Closed Hopperpop closed 2 years ago
Hi there,
you might be able to further squeeze down the memory usage by reducing the resolution --width 1280 --height 720
, but I'm unsure this will be enough.
Regarding atomicAdd(__half2)
: I'm surprised actually. How does this error manifest? I'd like to make this codebase work on as wide a range of GPUs as possible and both the CUDA documentation and CI suggest it should work on compute capability 61.
When building I get:
D:***\include\neural-graphics-primitives/common_device.cuh(127): error : no instance of overloaded function "atomicAdd" matches the argument list [D:\***\build\ngp.vcxproj]
argument types are: (__half2 *, {...})
detected during instantiation of "void ngp::deposit_image_gradient(const Eigen::Matrix<float, N_DIMS, 1, <expression>, N_DIMS, 1> &, T *, T *, const Eigen::Vector2i &, const
Eigen::Vector2f &) [with N_DIMS=2U, T=float]"
D:\***\src\testbed_nerf.cu(1512): here
D:\***\include\neural-graphics-primitives/common_device.cuh(128): error : no instance of overloaded function "atomicAdd" matches the argument list [D:***\build\ngp.vcxproj]

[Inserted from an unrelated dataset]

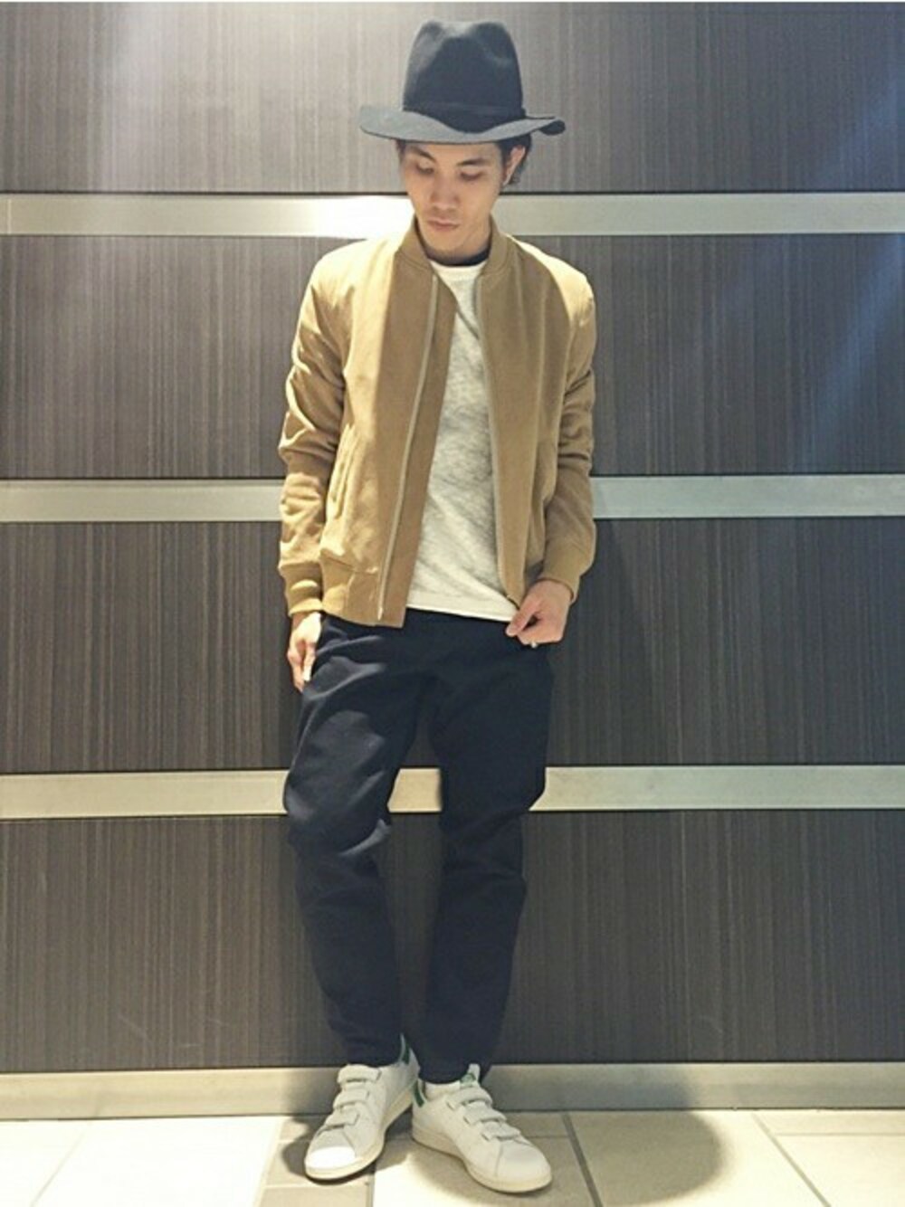 AWSOMEのレザーブルゾンをメインに無骨にキレイにまとめました。 アウターの風合いを生かしながらコーディネートしたところがポイントです。

argument types are: (__half2 *, {...})
detected during instantiation of "void ngp::deposit_image_gradient(const Eigen::Matrix<float, N_DIMS, 1, <expression>, N_DIMS, 1> &, T *, T *, const Eigen::Vector2i &, const
Eigen::Vector2f &) [with N_DIMS=2U, T=float]"
D:\***\src\testbed_nerf.cu(1512): here
Maybe it's a wrong dependency problem, instead of the hardware not supporting it: Win10 Cuda compilation tools, release 11.6, V11.6.55 Build cuda_11.6.r11.6/compiler.30794723_0 cmake version 3.23.0-rc1 Python 3.8.10
Running following command still gives me the same error:
./build/testbed.exe --scene data/nerf/fox --width 10 --height 10
But reducing the amount of photo's to 20, makes it possible to run it.
I just got the same error, running on a GTX 1080. The fox does work for me, but when I try to run a dataset I prepared myself it gives this error. That was a very large dataset though, so I just tried shrinking it down and it still gives the same error. (smaller than the fox in MB's at this point.)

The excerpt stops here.